WHAT YOU ARE ASKED TO DO:
Set the listing down again exactly, please, apart from its pictures.
── GIVEN MATERIAL
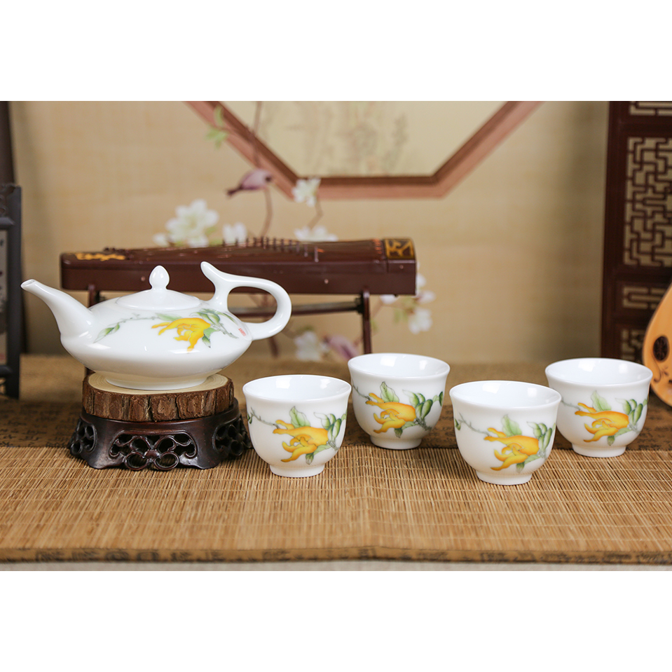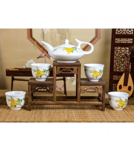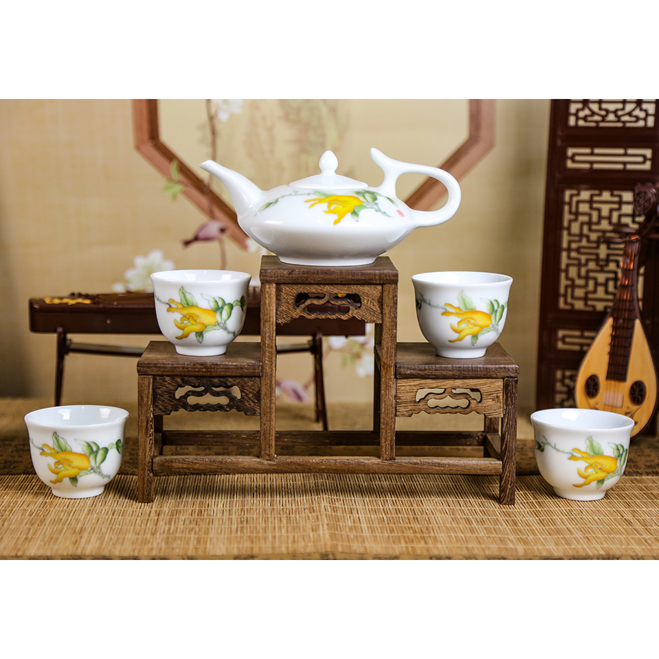 [品牌]:大球泥 [货号]:YZN-CJ230022 [材质]:优质泥 [规格]:5头 [作者]:张江华(高级工艺美术师) [产地]:湖南醴陵 [工艺]:高温釉下 [品名]:《福瑞》一壶四杯 [价格]:4200.00元
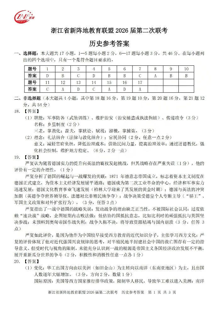 浙江省新阵地教育联盟2026届第二次联考 历史答案.pdf
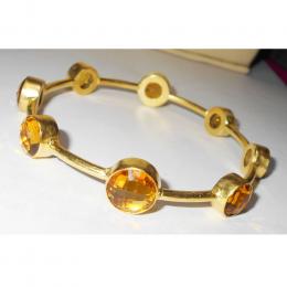 Smokey quartz cut C - BN970- Yellow gold vermeil fashion Bangles with Brass wholesale
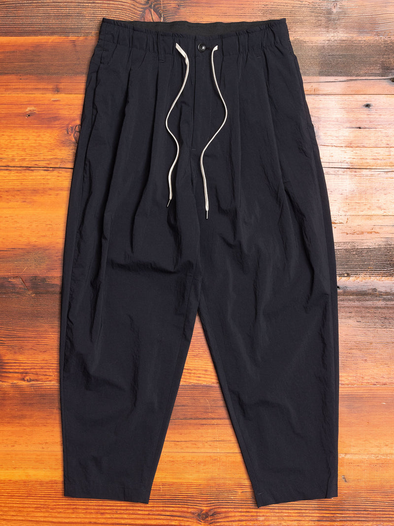 • The Sarouel Pants are a relaxed style from Kazuyuki Kumagai. Constructed from a washed featherweight nylon, the breezy pants are cut in an exaggerated relaxed tapered fit for a highly comfortable and nonchalant silhouette. The pants come designed with an elastic waistband for versatility, and are finished with signature ATTACHMENT details and styling.
────
TASK ANSWER:
 [品牌]:大球泥 [货号]:YZN-CJ230022 [材质]:优质泥 [规格]:5头 [作者]:张江华(高级工艺美术师) [产地]:湖南醴陵 [工艺]:高温釉下 [品名]:《福瑞》一壶四杯 [价格]:4200.00元
 浙江省新阵地教育联盟2026届第二次联考 历史答案.pdf
 Smokey quartz cut C - BN970- Yellow gold vermeil fashion Bangles with Brass wholesale
 • The Sarouel Pants are a relaxed style from Kazuyuki Kumagai. Constructed from a washed featherweight nylon, the breezy pants are cut in an exaggerated relaxed tapered fit for a highly comfortable and nonchalant silhouette. The pants come designed with an elastic waistband for versatility, and are finished with signature ATTACHMENT details and styling.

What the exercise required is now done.